- [What you have to do]:
The response should be the records below, repeated exactly, with each picture left out.

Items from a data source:
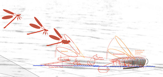 Ufer nieder, um sich in der Sonne eine Ruhepause zu gönnen. So könnte 'die Libelle' als Symbol für eine neue innovative Wohnform
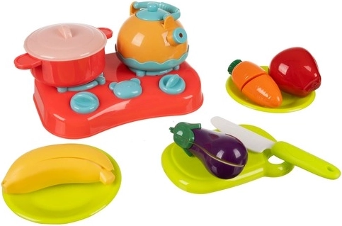 Setul de gătit în coș cu legume și fructe este un complement grozav pentru joaca micilor bucătari cărora le place să se joace de-a magazinul sau de-a gătitul. Copiilor le place să îi imite pe adulți, iar acest set le permite jocuri de rol încă de la vârste fragede și are un rol educativ. Colecția deosebit de „apetisantă” și variată de imitații de legume și fructe a fost realizată cu grijă, iar culorile lor vii și suculente adaugă valoare estetică, atrăgând atenția copilului și îndemnându-l la joacă.
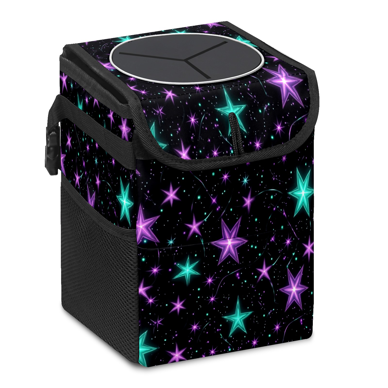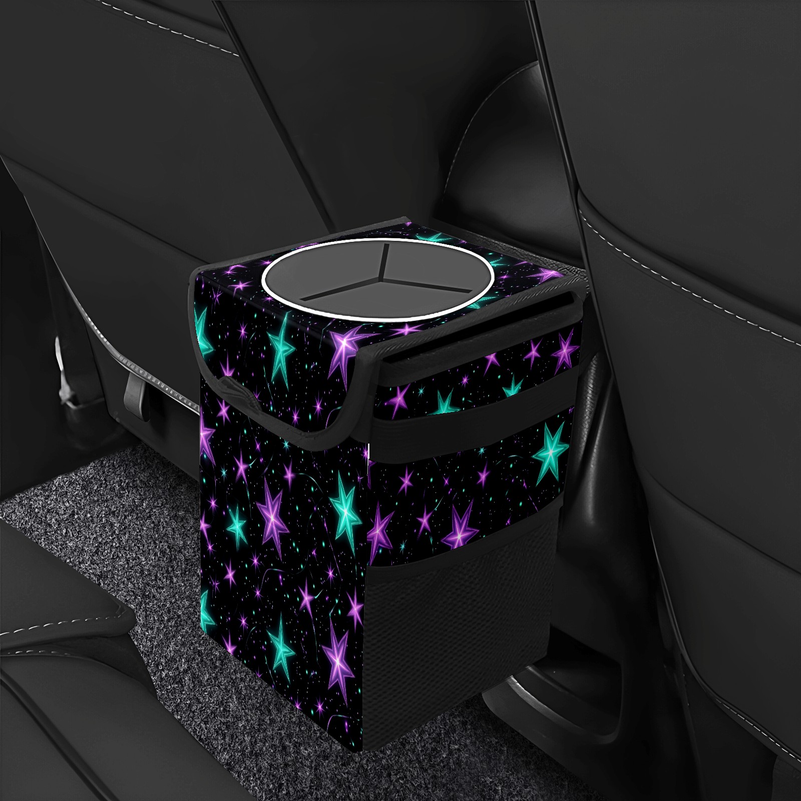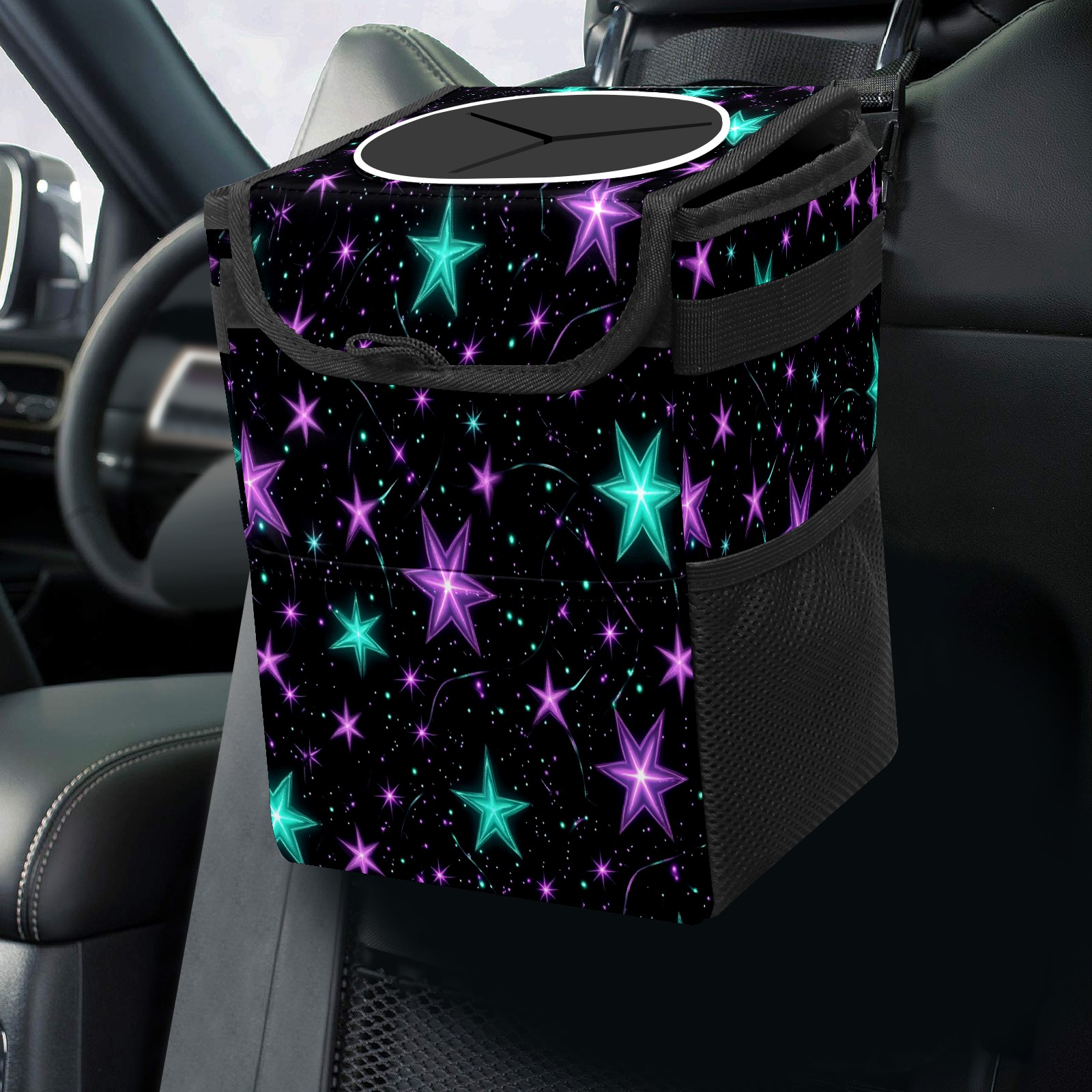 Car Trash Can with Lid, Small Portable Hanging Automotive Garbage Bin for Vehicles, Leakproof Waste Bag Container for SUV Truck Van Interior Auto Travel Road Trips(Glowing Purple And Teal Stars)
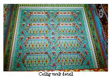 Engaged with surface designs, the guests do not really get a chance to see the very thing that makes the Boulder-Dushanbe Teahouse or, indeed, any Tajik teahouse, a unique structure, the ceiling. Unlike conventional ceilings, the ceiling of the teahouse is not flat and is not accentuated with expensive chandeliers. Rather, it is comprised of a series of vaults, each decorated differently but all using tiles in bright red, green, and blue colors and geometric and floral designs. Lighting for the ceiling is mostly produced by apertures that allow natural light into the structure.
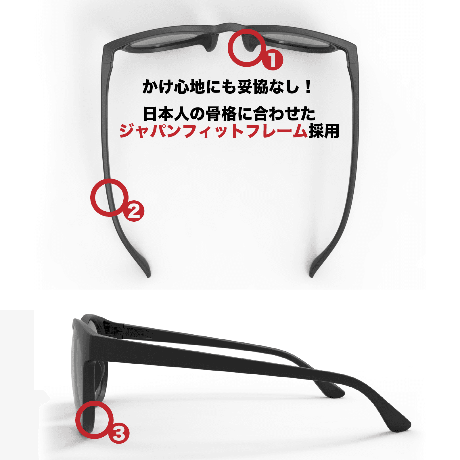 アジア人の骨格に合わせて、フレームカーブやノーズパッドが作られたアジアンフィットフレームを採用しています。
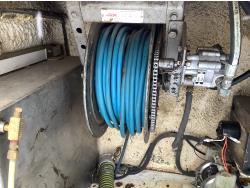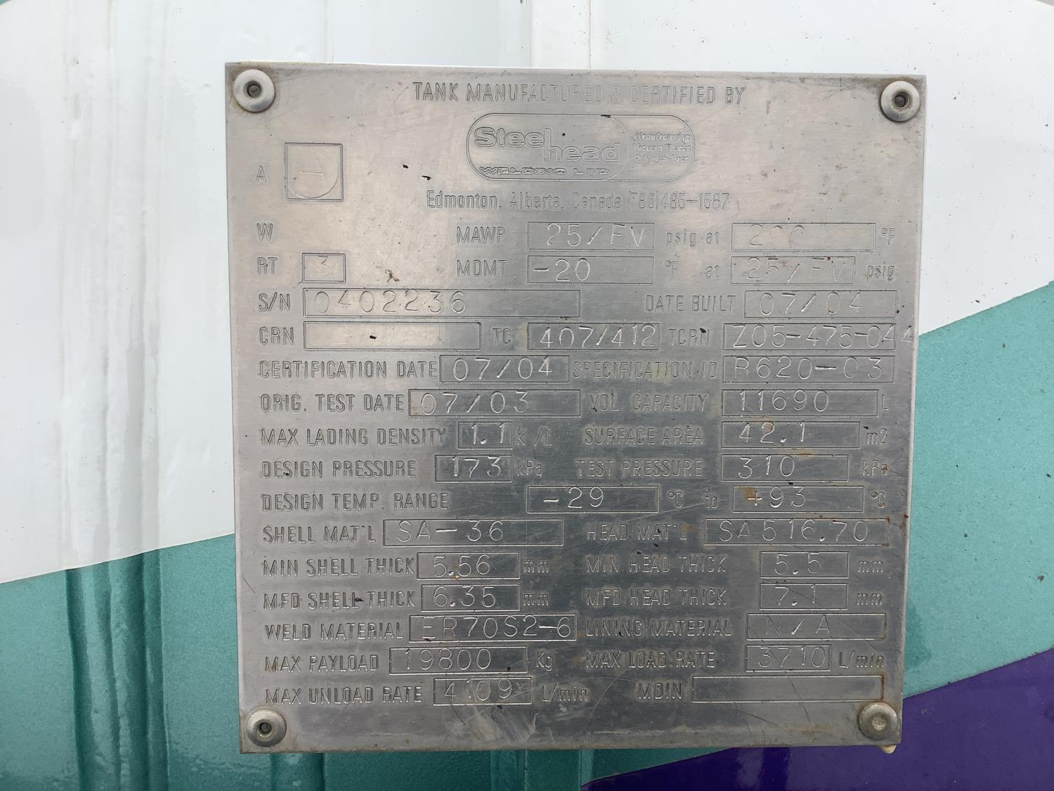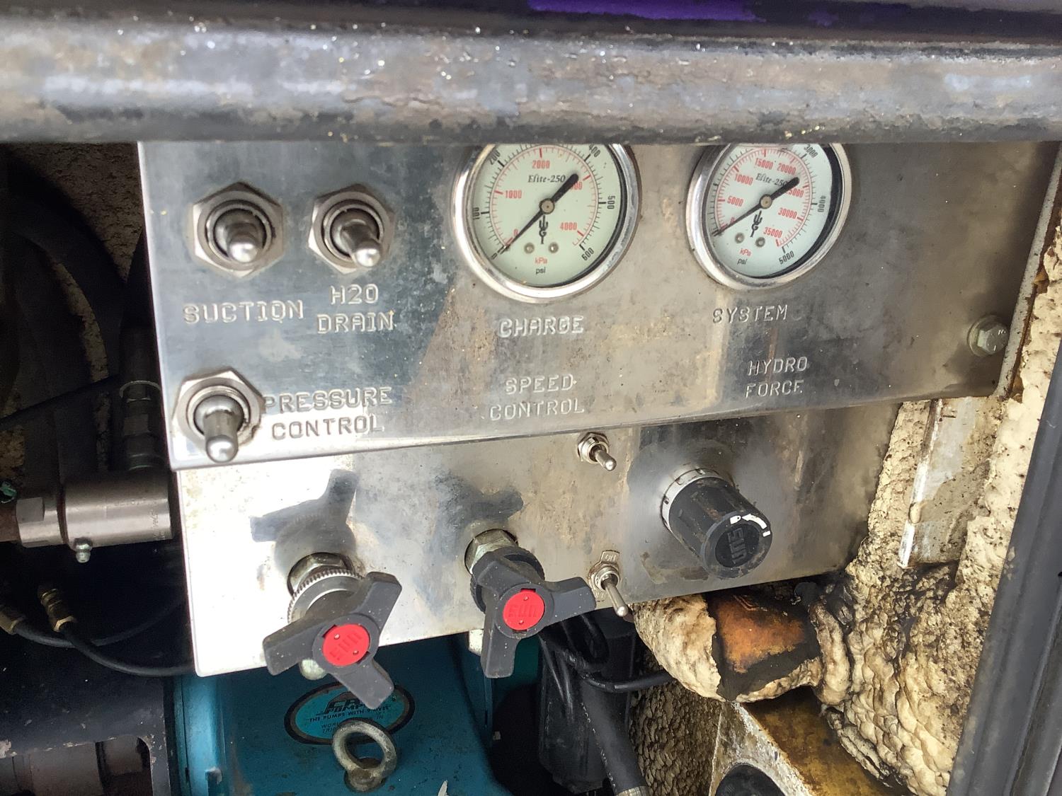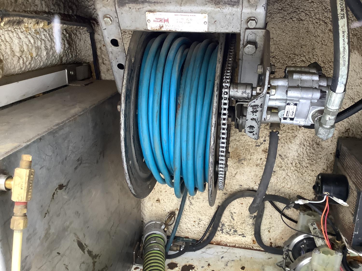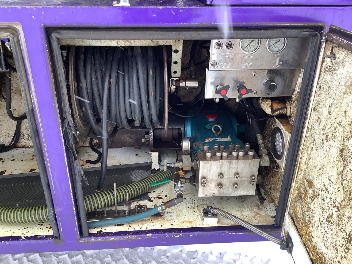 Cat 3406 single turbo MBN diesel engine, 8000 hours since total engine rebuild, engine brake, 18 speed manual transmission, 20,000 lb front axle, dual steering boxes, 57,900 lb rears, full lockers, new way air suspension, TC407 split tank, 4.1 cube front compartment for fresh water, 11.6 cube rear compartment for waste material, hydraulic front hoist, hydraulic rear lift gate, 820 Hybon pump, Cat 3560 wash pump, 500,000 BTU boiler, wash hose on reel, heated compartments, chain hangers, rear pintle hitch, 445/65R22.5 front tires, 11R24.5 rear tires

- [Response to the task]:
 Ufer nieder, um sich in der Sonne eine Ruhepause zu gönnen. So könnte 'die Libelle' als Symbol für eine neue innovative Wohnform
 Setul de gătit în coș cu legume și fructe este un complement grozav pentru joaca micilor bucătari cărora le place să se joace de-a magazinul sau de-a gătitul. Copiilor le place să îi imite pe adulți, iar acest set le permite jocuri de rol încă de la vârste fragede și are un rol educativ. Colecția deosebit de „apetisantă” și variată de imitații de legume și fructe a fost realizată cu grijă, iar culorile lor vii și suculente adaugă valoare estetică, atrăgând atenția copilului și îndemnându-l la joacă.
 Car Trash Can with Lid, Small Portable Hanging Automotive Garbage Bin for Vehicles, Leakproof Waste Bag Container for SUV Truck Van Interior Auto Travel Road Trips(Glowing Purple And Teal Stars)
 Engaged with surface designs, the guests do not really get a chance to see the very thing that makes the Boulder-Dushanbe Teahouse or, indeed, any Tajik teahouse, a unique structure, the ceiling. Unlike conventional ceilings, the ceiling of the teahouse is not flat and is not accentuated with expensive chandeliers. Rather, it is comprised of a series of vaults, each decorated differently but all using tiles in bright red, green, and blue colors and geometric and floral designs. Lighting for the ceiling is mostly produced by apertures that allow natural light into the structure.
 アジア人の骨格に合わせて、フレームカーブやノーズパッドが作られたアジアンフィットフレームを採用しています。
 Cat 3406 single turbo MBN diesel engine, 8000 hours since total engine rebuild, engine brake, 18 speed manual transmission, 20,000 lb front axle, dual steering boxes, 57,900 lb rears, full lockers, new way air suspension, TC407 split tank, 4.1 cube front compartment for fresh water, 11.6 cube rear compartment for waste material, hydraulic front hoist, hydraulic rear lift gate, 820 Hybon pump, Cat 3560 wash pump, 500,000 BTU boiler, wash hose on reel, heated compartments, chain hangers, rear pintle hitch, 445/65R22.5 front tires, 11R24.5 rear tires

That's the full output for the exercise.